5

Scipy (http://www.scipy.org/) offers two KD Tree classes; the KDTree and the cKDTree.

The cKDTree is much faster, but is less customizable and query-able than the KDTree (as far as I can tell from the docs).

Here is my problem: I have a list of 3million 2 dimensional (X,Y) points. I need to return all of the points within a distance of X units from every point.

With the KDtree, there is an option to do just this: KDtree.query_ball_tree() It generates a list of lists of all the points within X units from every other point. HOWEVER: this list is enormous and quickly fills up my virtual memory (about 744 million items long).

Potential solution #1: Is there a way to parse this list into a text file as it is writing?

Potential solution #2: I have tried using a for loop (for every point in the list) and then finding that single point's neighbors within X units by employing: KDtree.query_ball_point(). HOWEVER: this takes forever as it needs to run the query millions of times. Is there a cKDTree equivalent of this KDTree tool?

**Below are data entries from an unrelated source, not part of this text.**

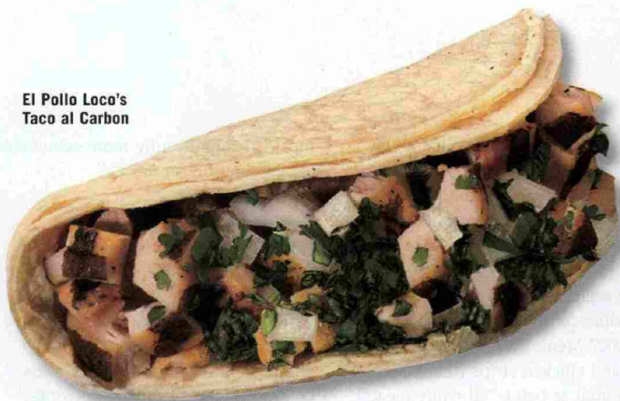
El Pollo Loco's Taco al Carbon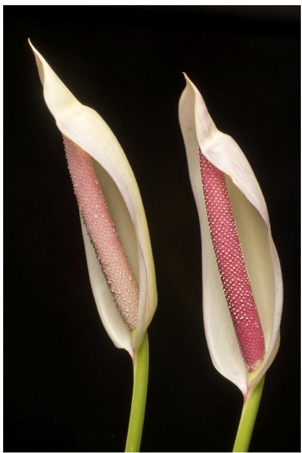
Figure 10. Anthurium alexandri Croat, Brownless & Belt. Inflorescences, on left showing female stage, on right showing male stage.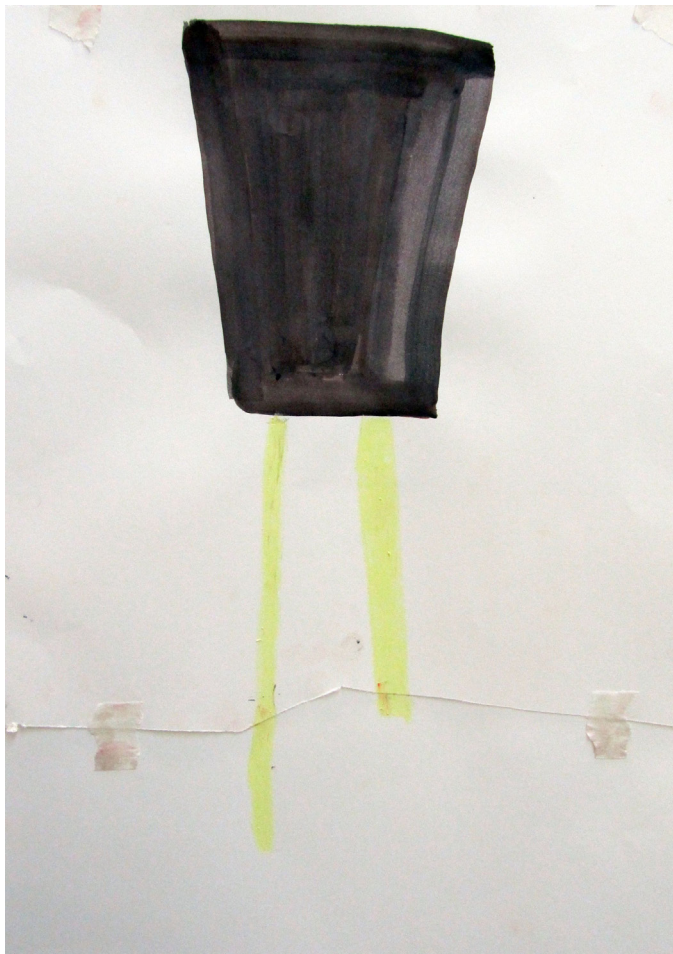
Untitled , 2014 watercolor, wax crayons, crepe, 40 × 29,5 cm

The artist's sculptures and works on paper are created in relation to each other and consistently interact. Questions specifically related to the space are included in this interplay and are crucial for presenting the works. The modular treatment of the sculpture plays a central role: The arrangement and expansion of the concrete slats and the plaster flakes stacked on them are variable and adapted to the gallery space.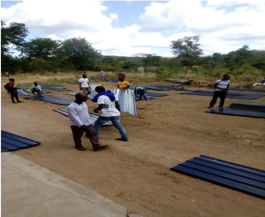
Figure 2 communities benefited from carbon credits funds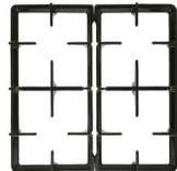
GRC60 Cast Iron pan stands suitable for 60 cm hobs.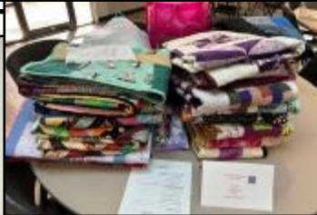
Hailey White from Children's Advocacy accepted our generous donation of 140 stockings, 34 quilts, 8 receiving blankets, and 31 drawstring bags.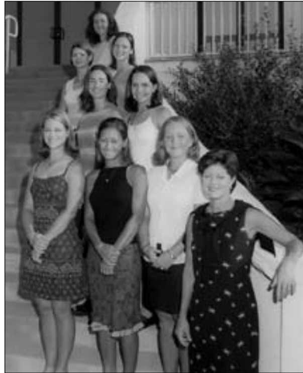
2000-01, 12th Place NCAA Championships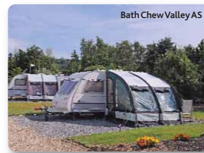
Bath Chew Valley AS

WINCANTON RACECOURSE See p117 of the Directory

Potential solution #3: Beats me, anyone else have any ideas?

nickhar
  • 19,981
  • 12
  • 60
  • 73
Dlinet
  • 1,193
  • 3
  • 15
  • 22

2 Answers2

4

From scipy 0.12 on, both KD Tree classes have feature parity. Quoting its announcement:

cKDTree feature-complete

Cython version of KDTree, cKDTree, is now feature-complete. Most operations (construction, query, query_ball_point, query_pairs, count_neighbors and sparse_distance_matrix) are between 200 and 1000 times faster in cKDTree than in KDTree. With very minor caveats, cKDTree has exactly the same interface as KDTree, and can be used as a drop-in replacement.

jorgeca
  • 5,482
  • 3
  • 24
  • 36
  • Ah that would be excellent. I don't have any skill/experience with compiling from source so maybe I will look into that. Otherwise, unless another solution is posted, I will wait for the new release of scipy. – Dlinet Oct 26 '12 at 15:39
  • @Dlinet Version 0.12 was released last month. – jorgeca May 11 '13 at 00:05
  • 1
    For anyone arriving at this answer in present times (2022), starting from SciPy v1.6.0 `cKDTree` is *"functionally identical to KDTree"* with matching performance (see [Note](https://docs.scipy.org/doc/scipy/reference/generated/scipy.spatial.cKDTree.html)). – Gabriel Mar 07 '22 at 12:55
1

Try using KDTree.query_ball_point instead. It takes a single point, or array of points, and produces the points within a given distance of the input point(s).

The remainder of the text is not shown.